Core Leaders are: JC Morris, RJ Bateman, C Xiong, NJ Cairns, AM Fagan, AM Goate, T Benzinger, and D Marcus, all of Washington University in St. Louis. Site Leaders are: RJ Bateman, JM Ringman, B Ghetti, R Mayeux, RA Sperling, S Salloway, E McDade, MN Rossor, CL Masters, RN Martins, and PR Schofield. The Alzheimer’s Disease Cooperative Study (ADCS; P Aisen, principal investigator) is the Clinical Coordinating Center for DIAN. C Jack (Mayo Clinic-Rochester) and R Koeppe (University of Michigan) provide quality review for positron imaging tomography (PET) and magnetic resonance imaging (MRI). T Foroud (Indiana University) directs the National Cell Repository for Alzheimer’s Disease (NCRAD), which maintains lymphoblast cell lines from DIAN participants. FDA: Federal Drug Administration; NIA: National Institute on Aging; ADNI: Alzheimer’s Disease Neuroimaging Initiative, Wash Univ: Washington University; UCLA: University of California Los Angeles; BWH/MGH: Brigham and Women’s Hospital/Massachusetts General Hospital.

The leader of each performance site joins all CLs, DIAN’s Associate and Executive Directors, representatives from the NIA and the Food and Drug Administration, a bioethicist, and the principal investigators of two successful, well-established multicenter AD research programs, the Alzheimer’s Disease Cooperative Study (ADCS) and the Alzheimer’s Disease Neuroimaging Initiative (ADNI), on DIAN’s Steering Committee. Individuals from ADAD families also are full Steering Committee members. The Steering Committee meets via teleconference every other month and has an annual in-person meeting. The clinical operations for DIAN are coordinated and monitored by the ADCS. To ensure that DIAN data can be compared with data obtained from individuals with LOAD, DIAN uses clinical, cognitive, biomarker, and imaging assessments that are standard for the field. For example, the imaging qualification for each DIAN performance site, the imaging protocols, and continuous quality control of DIAN imaging data are performed by ADNI components. Biofluids are collected, processed and analyzed consistent with ADNI protocols. Blood samples from DIAN participants are sent to the National Cell Repository for Alzheimer’s Disease (NCRAD) to develop lymphoblastoid cell lines. A DIAN Resource Allocation Review Committee oversees the DIAN biorepository (blood; CSF; DNA; brain tissue). The operations, progress toward goals, and new initiatives for DIAN are reviewed annually by a 6-member External Advisory Committee (EAC), comprised of ADAD experts in North America who are not otherwise participating in DIAN. The relationships of the DIAN Committees to the Cores and performance sites also are shown in Figure 1.

Administration Core

Responsibilities and communication

The DIAN Administration Core (JC Morris, CL) is responsible for the management and coordination of all DIAN components and activities. The Administration Core establishes procedures and policies to manage resources, personnel, subcontractors, committees and subcommittees. Communication between DIAN leadership, CLs, site leaders and coordinators, subcontractors, NIA partners, and Steering Committee members is achieved with meetings, electronic messages, and conference calls.

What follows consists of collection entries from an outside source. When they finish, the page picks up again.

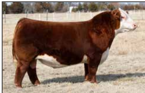
CH HIGH ROLLER 756 ET Sire of Lots 21-23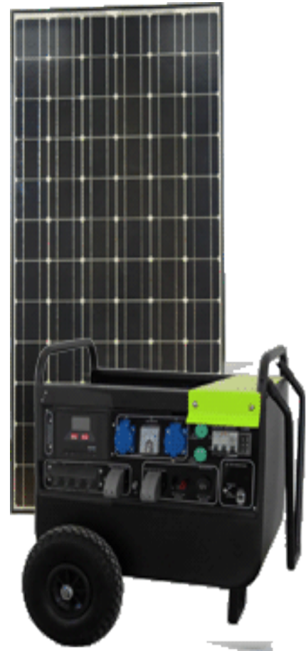
PORTABLE 3000 WATTS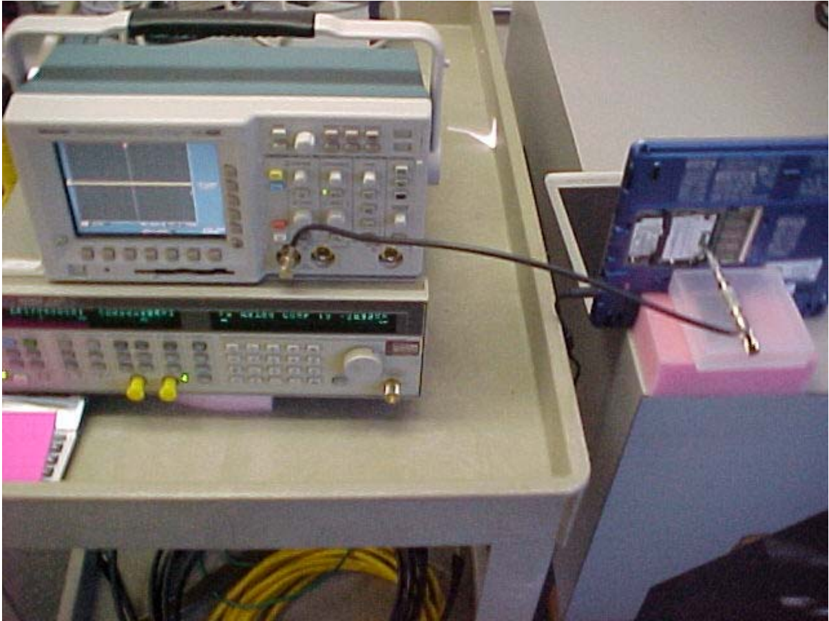
Maximum Peak Output Power Measurement Setup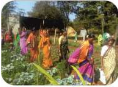
Organic Farming visit at Ambewadi & Hunsewari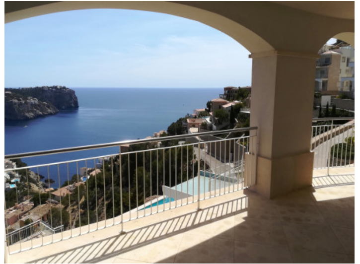
Terrace with fantastic views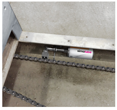
If there are space constraints, simalube can also be installed at an angle.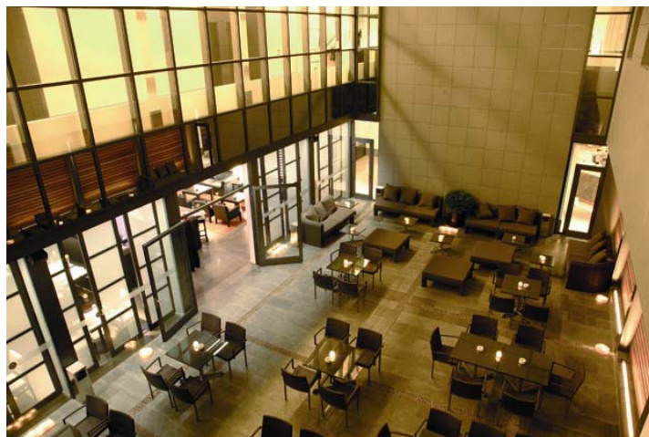
Interior of the new Hotel MOLINA LARIO

The group is positioned at the high end of the business traveller market and has managed to obtain a 60% rate of returning clients.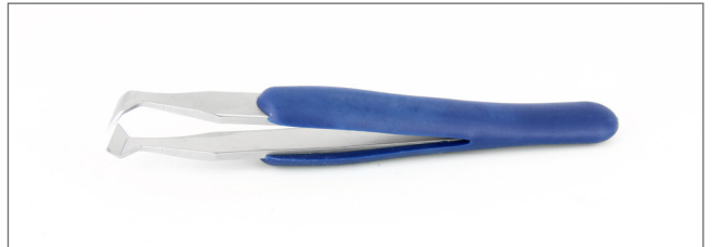
15A.C.DR Tips: cutting, angled blades. OAL: 120mm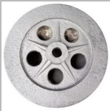
Cast Iron Flywheel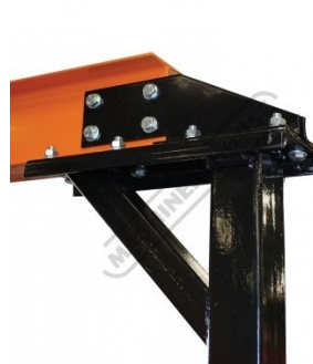
Heavy Duty Beam Support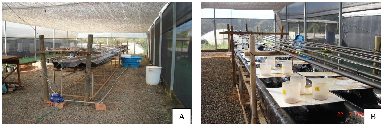
Figure 1. Test bench (A), reservoir and mechanical stirrer (B), flow measurement collectors (C) and vinasse application residues held in the test bench trough.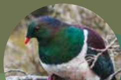
Kererū Wood Pigeon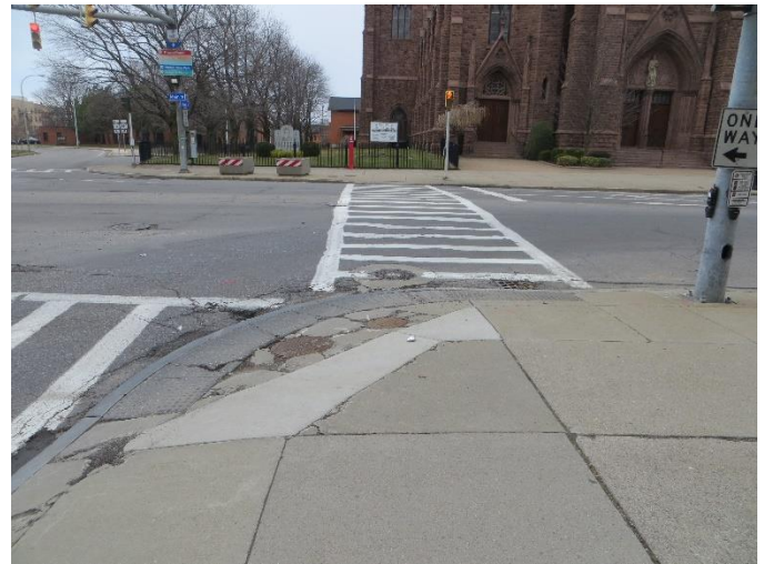
NE Corner of Goodell Street at Main Street (Facing West)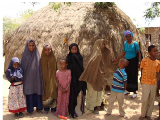
Women and children at a home in Mandera during the survey

Locally available resources include human resources, land, water and vegetation. However, the availability and distribution of such resources is region specific. In addition, access, sustainability and use of these resources in both the short and long-term may be affected by constraints such as land degradation, drought and increasing deforestation. In Mandera and Turkana for example, the invasive species prosopis juriflora grows abundantly and could be exploited as a source of fuel. However, there is need for further research on the thorny species to determine how it can be harnessed for production of charcoal as a biofuel. Also located within the same districts are large tracts of land that can be exploited for production of drought resistant tree species for fuel and income generation.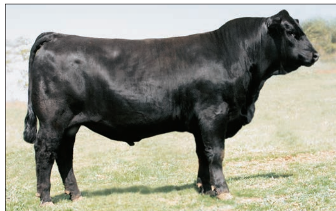
BF K065 Talladega /Sire of Lot 105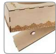
Opens from the bottom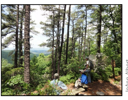
The insect team installed blacklight traps along the Scenic Vista Trail.

The insect team documented a total of 222 insect species in both terrestrial and aquatic habitats. Despite the low diversity, the surveyors recorded four uncommon dragonflies and damselflies as well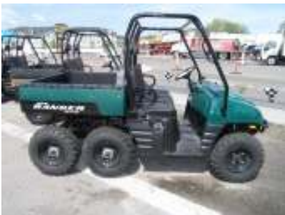
'Utility Type Vehicle'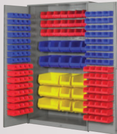
Style A Bin Storage Cabinet Includes bin boxes on inside of cabinet and in door of cabinet.

Heavy duty cabinets feature flush doors for handsome good looks. Ideal for factory or office use. Swing doors equipped with 3 point locking mechanism for extra security. Includes locking chrome handle. FOB Shipping Point.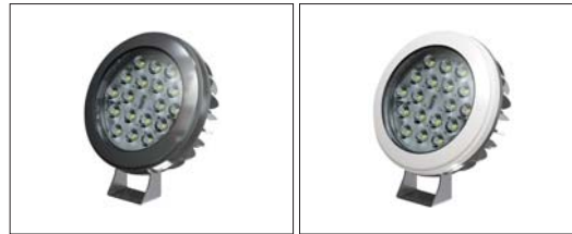
15: Chrome coated spot frame 16: Plastic spot frame in white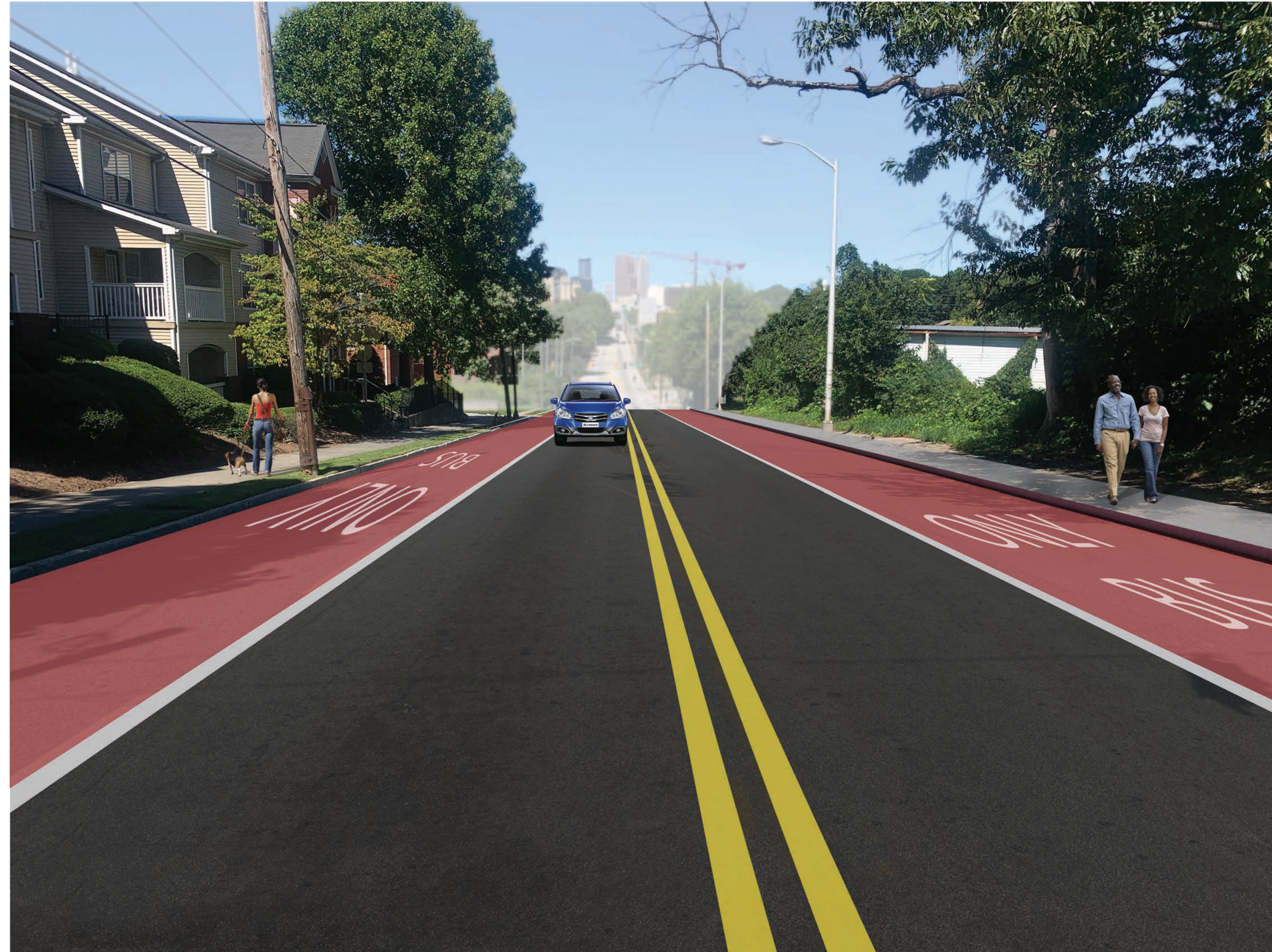
Summerhill: Hank Aaron Drive between Atlanta Avenue and Ormond Street (looking north)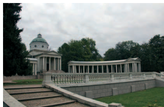
Fig. 1. View of the Arkhangelskoje park Ryc. 1. Ogólny widok parku Archangielskoje

Integracja rodzajów sztuki w tradycyjnych rosyjskich parkach i ogrodach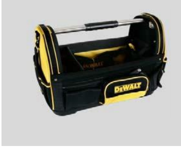
61 | Toolbox Nylon (8 exterior cases, tear- and waterproof padded aluminium carrying handle)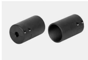
Borehole Shaft Guard Item No. 2900130170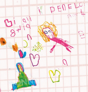
PENELope Age 4

When I have my hair cut it falls like in a box with fronds!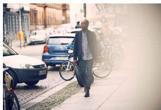
Francis Kéré, Berlin, 2021.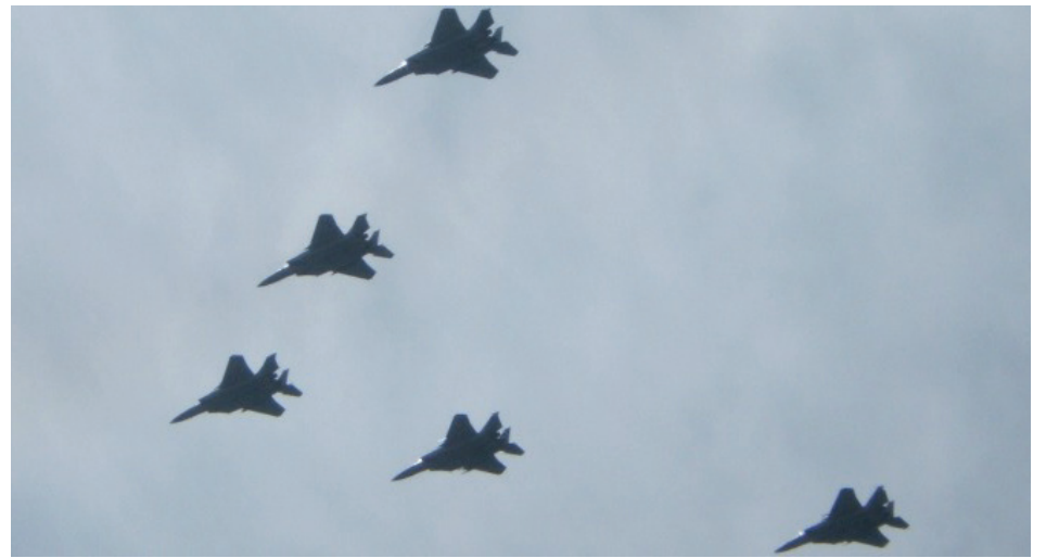
IAF planes flying in formation.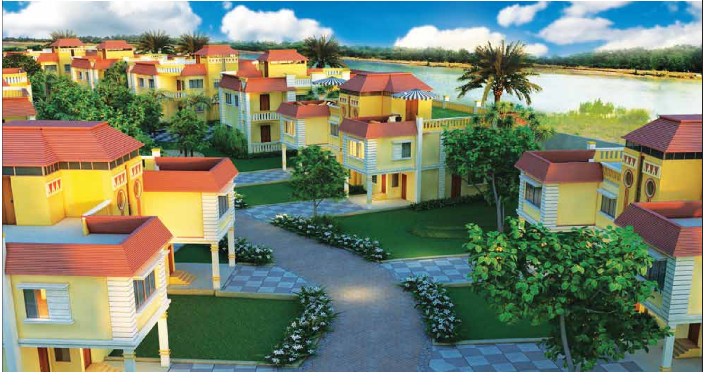
SHANTI SHRISTI, SANTINIKETAN | BUNGALOW ESTATE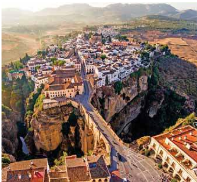
El Tajo Gorge, Ronda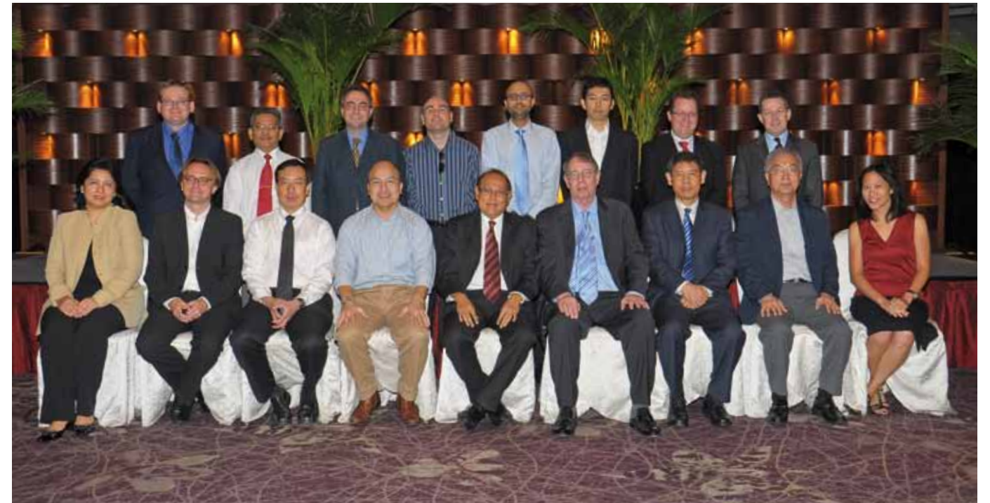
Speakers and participants at the conference

A conference on “Regional Security Cooperation” was hosted by the Multilateralism and Regionalism Programme of RSIS on 19–20 July 2010. Funded by The John D. and Catherine T. MacArthur Foundation under its Asia Security Initiative, the conference examined the function and relevance of the Association of Southeast Asian Nations (ASEAN) in East Asia’s emerging institutional security landscape.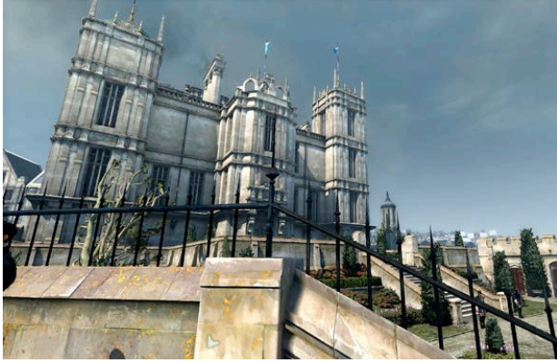
Figure 7 - Dunwall Tower in the opening prologue of the game. The player is unable to progress past the steel fence, but is allowed to explore a small area outside.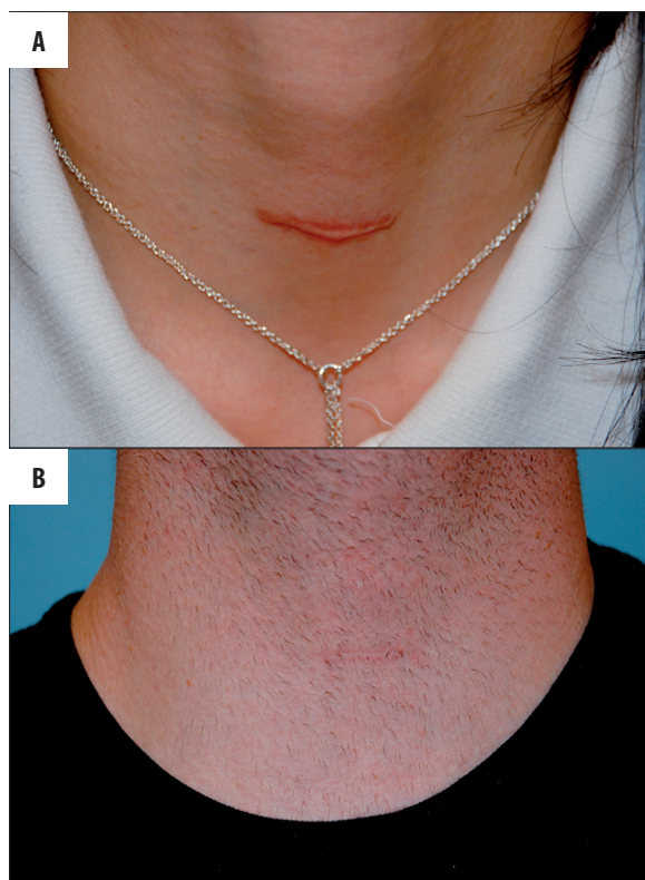
Figure 1. Postoperative photos of two MIT incisions which suffered mild hypertrophic scarring (A) and one that healed without incident (B).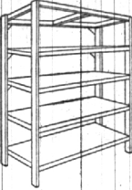
PRESERVE and VEGETABLE SHELVES

Rows of canned fruits and vegetables to make any housewife proud... especially when neatly stored on these sturdy Presdwood built shelves! We'll gladly supply the how-to-do-it. All you need is a little time, lumber and easy-to-cut, easy-to-nail panels of genuine Masonite Presdwood.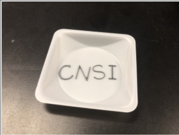
Whole pieces cut from wafer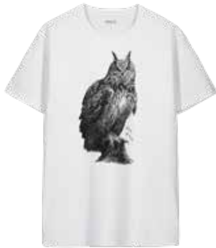
Avem t-shirt M21333_001 WHITE | S - XXL 100% ORGANIC COTTON | 150g JERSEY MADE IN TURKEY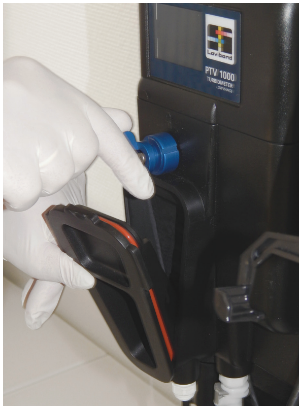
Pic. 3 : Air bubble trap with easy access from instrument front side

These bags contain stabilized formazine solutions with defined FNU/NTU values, filled at the factory under exclusion of air (no bubbles inside the bag) and with volumes precisely adjusted to the PTV 1000/2000. The bag material protects the solution inside from oxygen and UV radiation; both conditions which lead to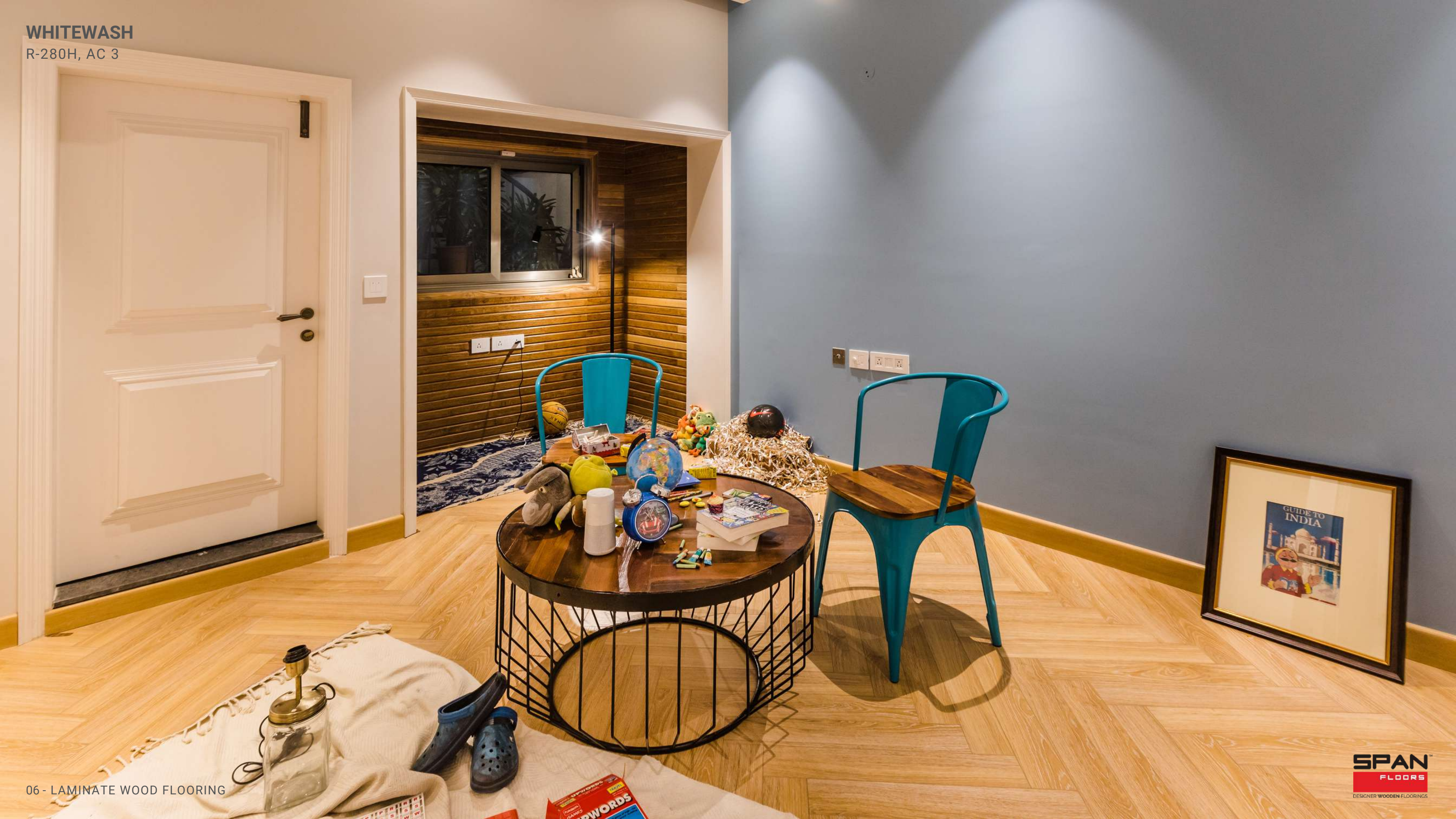
06 - LAMINATE WOOD FLOORING

An electronic Manual of Operations is maintained as a guide for administrative operations, including invoicing workflows, quality control procedures for data obtained through DIAN’s Cores, site liaison documents, and accounting pro forma documents. In addition to the internal management of DIAN, the Administration Core also arranges annual review by the EAC and interfaces with external complementary programs and initiatives.

The DIAN Website (www.DIAN-info.org) serves as the electronic repository of public information about DIAN. It provides information (currently in English and German; Spanish is in development) to the public about: the purpose of DIAN and a description of the procedures and information about how to volunteer; helpful resources; frequently asked questions; the original grant application; DIAN publications, and contact information for the leadership and participating sites. The website also allows investigators to request DIAN data and tissue.

Recruitment, training and standardization

With the Clinical Core and the ADCS, the Administration Core monitors the recruitment of DIAN participants and the quality of the data and tissue collection. It is also responsible for training and standardization of research procedures. The Core planned and executed the DIAN Training and Standardization Initiation Meeting in Chicago in July, 2008, where all site leaders, coordinators, imagers, neuropsychologists and clinicians reviewed the administration and scoring of the DIAN protocol and procedures. When site personnel change or a new site joins DIAN, the site leader and coordinator travel to Washington University in St. Louis for 4 days of training, including observation of a DIAN participant evaluation. DIAN also makes use of webinars when specific issues or protocol changes need to be communicated to all sites or for refresher training.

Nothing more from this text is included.